焼きムラがあると、そこだけ火の通りが甘くなることがあるので、卵焼き器全体を均一に熱するのもポイントです。
詰め方と冷まし方のコツ
安全に作れたら、次は詰め方です。
だし巻き卵をお弁当箱に入れる直前に、キッチンペーパーで表面の水分を軽く押さえます
温かいまま蓋をすると蒸気がこもり、菌が増えやすい環境になります。バットに広げるなどしてしっかり冷ましてから詰めましょう
細菌が増えやすいのは20〜50℃の温度帯です。保冷剤を使ってこの温度帯を早く通過させます
あら熱取りを速くしたいなら、パナソニック うま冷えプレート(NY-PC1)はこちらから買えます。冷凍庫で冷やしておいたプレートにお弁当をのせるだけで、自然に冷ますより早く粗熱が取れます。
お弁当の傷みが気になる季節は、銀イオンAgのお弁当抗菌シートを1枚のせておくだけでも安心感が違いますよ。
彩りもプラスしたいなら「バラ卵」
余裕があれば、薄く焼いた卵焼きをくるくると巻いて花びらのように見立てる「バラ卵」も人気の飾り方です。

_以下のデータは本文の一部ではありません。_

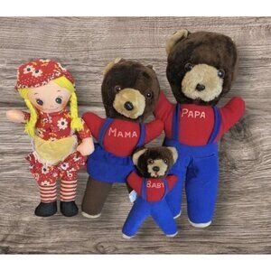 Vtg Elka Plush Goldilocks & 3 Bears Papa Mama Baby Stuffed Animals Toys Prize
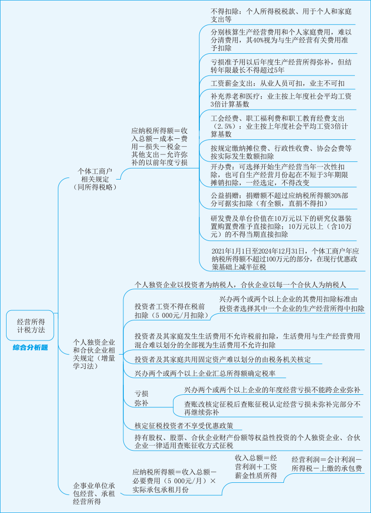 下面是2023年稅務(wù)師《稅法二》第二章思維導(dǎo)圖:經(jīng)營所得的計稅方法
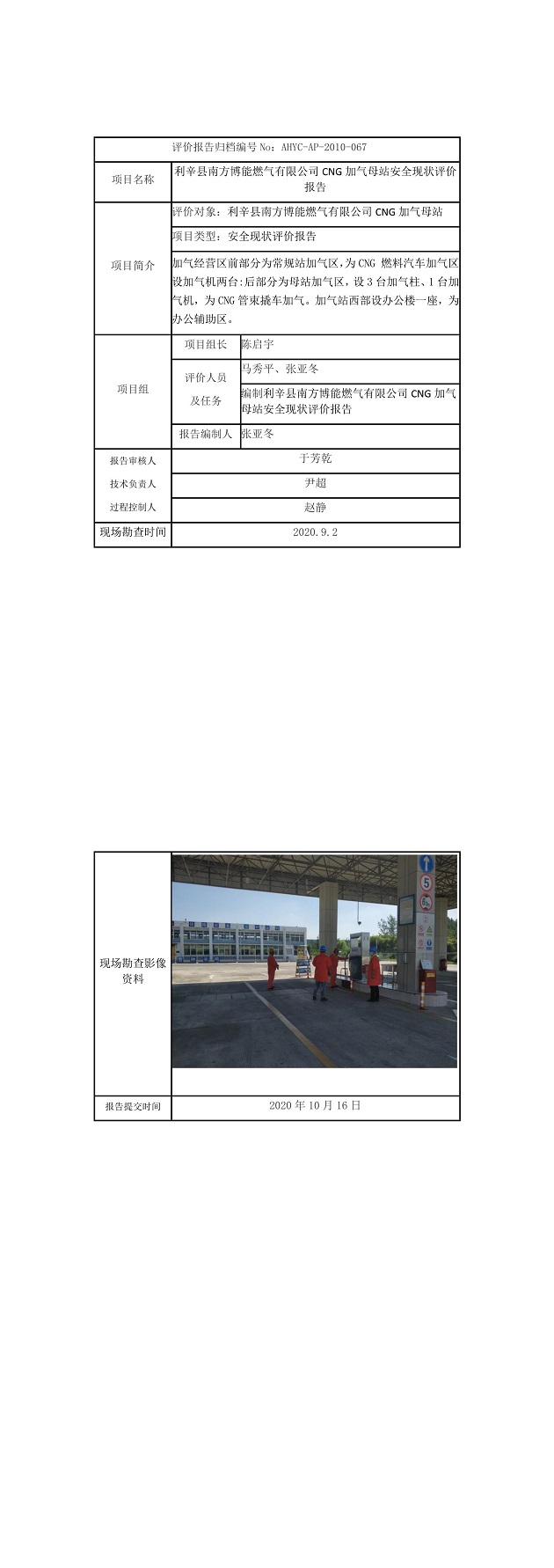 利辛縣南方博能燃氣有限公司CNG加氣母站安全現狀評價
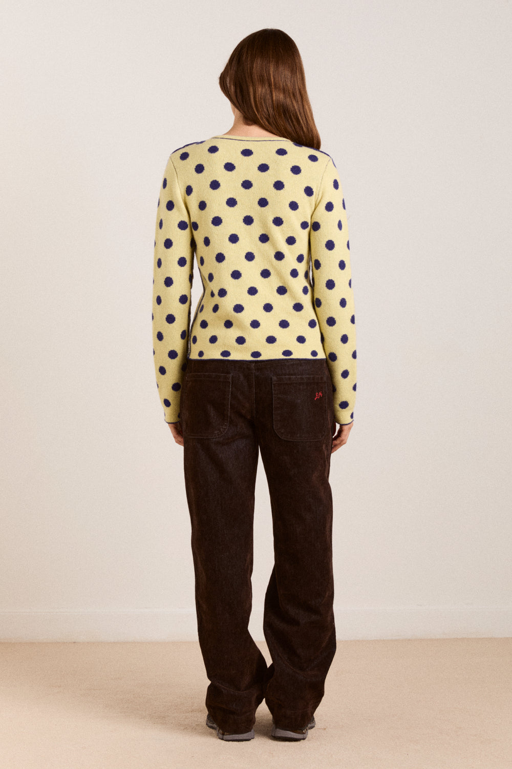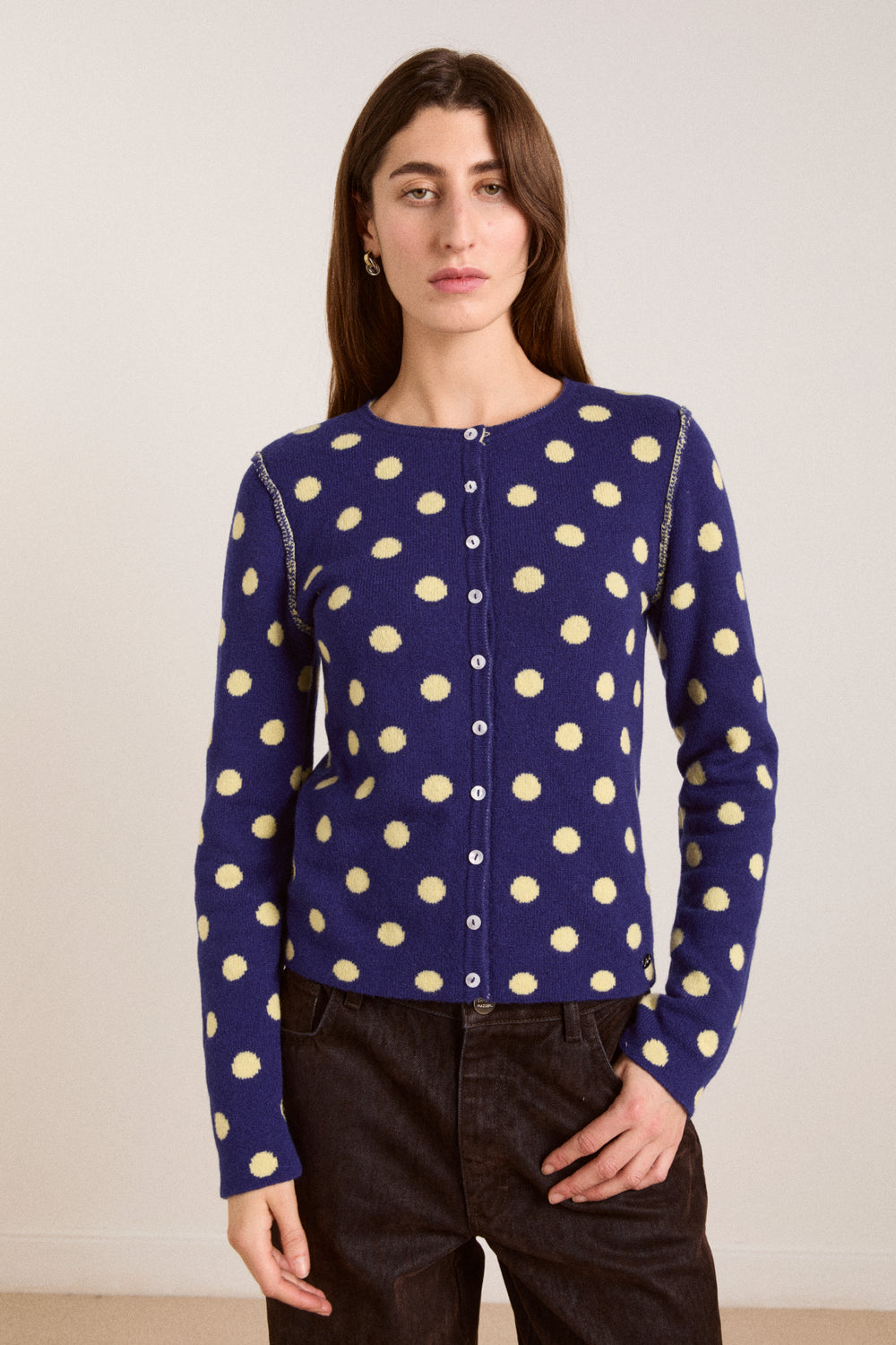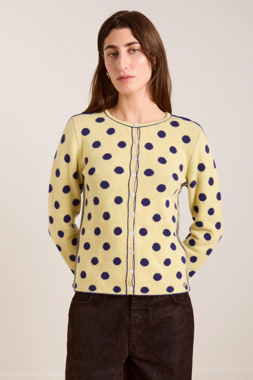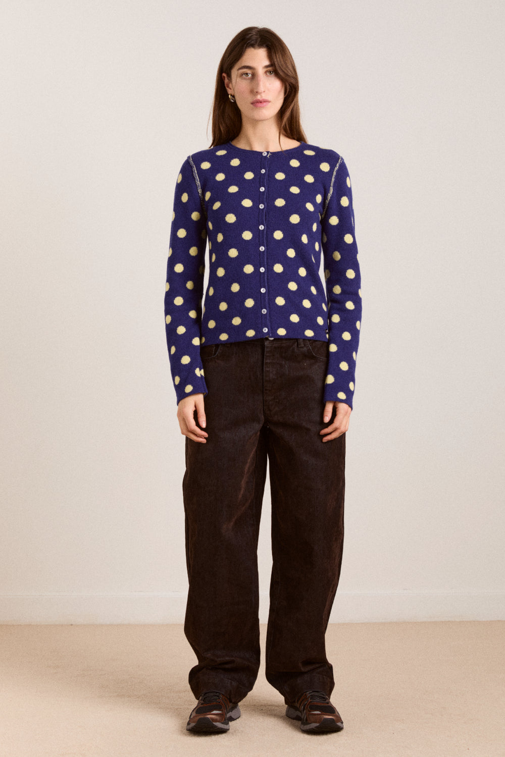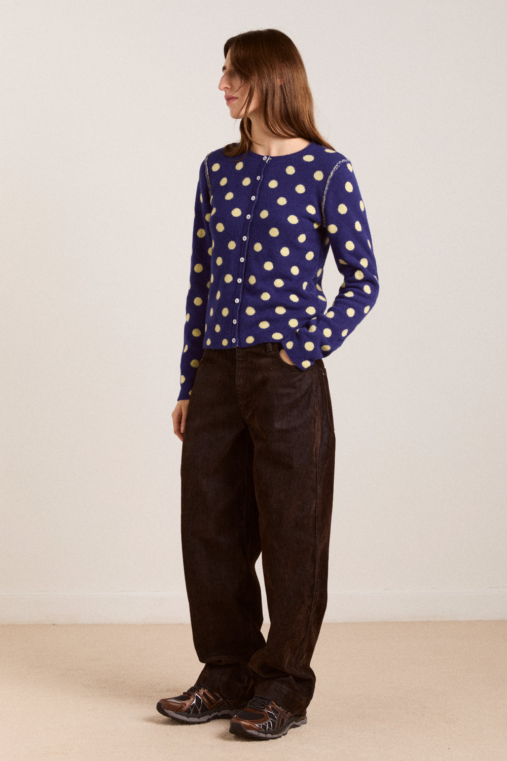 The Tabitha Merino Reversible Cardigan is crafted from 100% RWS Merino Wool and features an all-over spot design that’s made to be worn both ways. With its relaxed fit, crew neck, and classic button-d own front, it’s an easy wardrobe staple. Finished with a subtle metal DM branding tab for a refined touch.

小さく巻いてお弁当の隙間に添えるだけで、彩りがぐっと華やかになります。
作り方に特別な道具は不要で、薄焼き卵を作れれば挑戦できます。
よくある質問
まとめ
- だし巻き卵はお弁当に入れてOK。ポイントは水分対策と中心までの加熱
- 片栗粉・お酢・低水分配合・マヨネーズで、傷みにくく冷めてもおいしい黄金比に
- 中心部75℃で1分以上を目安に、半熟部分を残さず加熱する
- 詰める前に水分を拭き取り、保冷剤で20〜50℃の温度帯を早く通過させる
水分対策と加熱、この2つを押さえれば、だし巻き卵は夏場でも安心して持たせられるおかずです。
まずは片栗粉を少し加えるところから試してみてください。